Answer: Yes, encryption at rest is mandatory. A private subnet protects against network access — but not against: (1) a compromised application server that has DB credentials, (2) a stolen or decommissioned disk that wasn't wiped, (3) an insider with access to the infrastructure, (4) a backup stored in an insecure location. Encryption at rest ensures that even if someone gets physical access to the storage, the data is unreadable without the encryption key. The performance cost is ~1-5% CPU — negligible. For regulated industries (finance, healthcare), it's legally required.
Pitfalls
No gateway-level protection
Each microservice implements its own authentication. Service A validates JWT correctly. Service B has a bug and accepts expired tokens. Service C doesn't check auth at all. Inconsistent security across services — attackers find the weakest link.
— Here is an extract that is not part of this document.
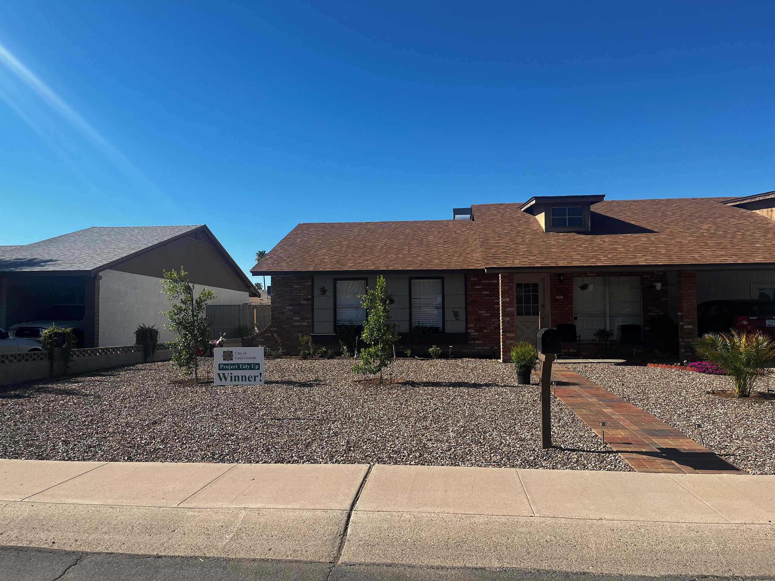 The City of Casa Grande Code Enforcement Division began a program to recognize and express appreciation to homeowners in various neighborhoods who have made significant efforts toward maintaining a beautiful and code violation-free home. Often, this doesn’t involve a large financial investment but, rather, time and energy spent removing trash, weeds, odds-and-ends, making landscape improvements, painting, repairing, and general cleaning. The result is a property that instantly stands out from those around it. It is a home with street appeal.

✅Centralize authentication at the API gateway. All requests pass through the gateway, which validates tokens before forwarding. Backend services trust that requests from the gateway are authenticated. One place to update auth logic, one place to audit, one place to fix vulnerabilities.
Weak encryption practices
Using HTTP instead of HTTPS for internal services ('it's internal, nobody can see it'). Storing encryption keys in environment variables or config files. Using outdated TLS versions (TLS 1.0/1.1). Not encrypting database backups.
✅HTTPS everywhere — including internal services (use mTLS). Store keys in KMS (AWS KMS, HashiCorp Vault) — never in code or config. Enforce TLS 1.2+ (disable older versions). Encrypt all backups. Rotate keys every 90 days. Audit key access.
Ignoring DDoS risks
No CDN, no WAF, no rate limiting. The application server is directly exposed to the internet. A $50 botnet rental takes down your entire service for hours. Even a moderate traffic spike from a viral post overwhelms the server.
✅Put a CDN with DDoS protection in front of everything (Cloudflare free tier is a good start). Add rate limiting at the API gateway. Never expose application servers directly to the internet — always behind a load balancer and CDN. Plan for 10x traffic spikes.
Poor key management
Encryption keys hardcoded in source code. Same key used for all environments (dev, staging, prod). Keys never rotated. No audit trail of who accessed keys. If the key is compromised, all data encrypted with it is exposed.
✅Use a dedicated Key Management Service (KMS). Separate keys per environment. Rotate keys automatically (every 90 days). Audit all key access. Use envelope encryption: data encrypted with a data key, data key encrypted with a master key in KMS. If a data key is compromised, only that data is at risk — not everything.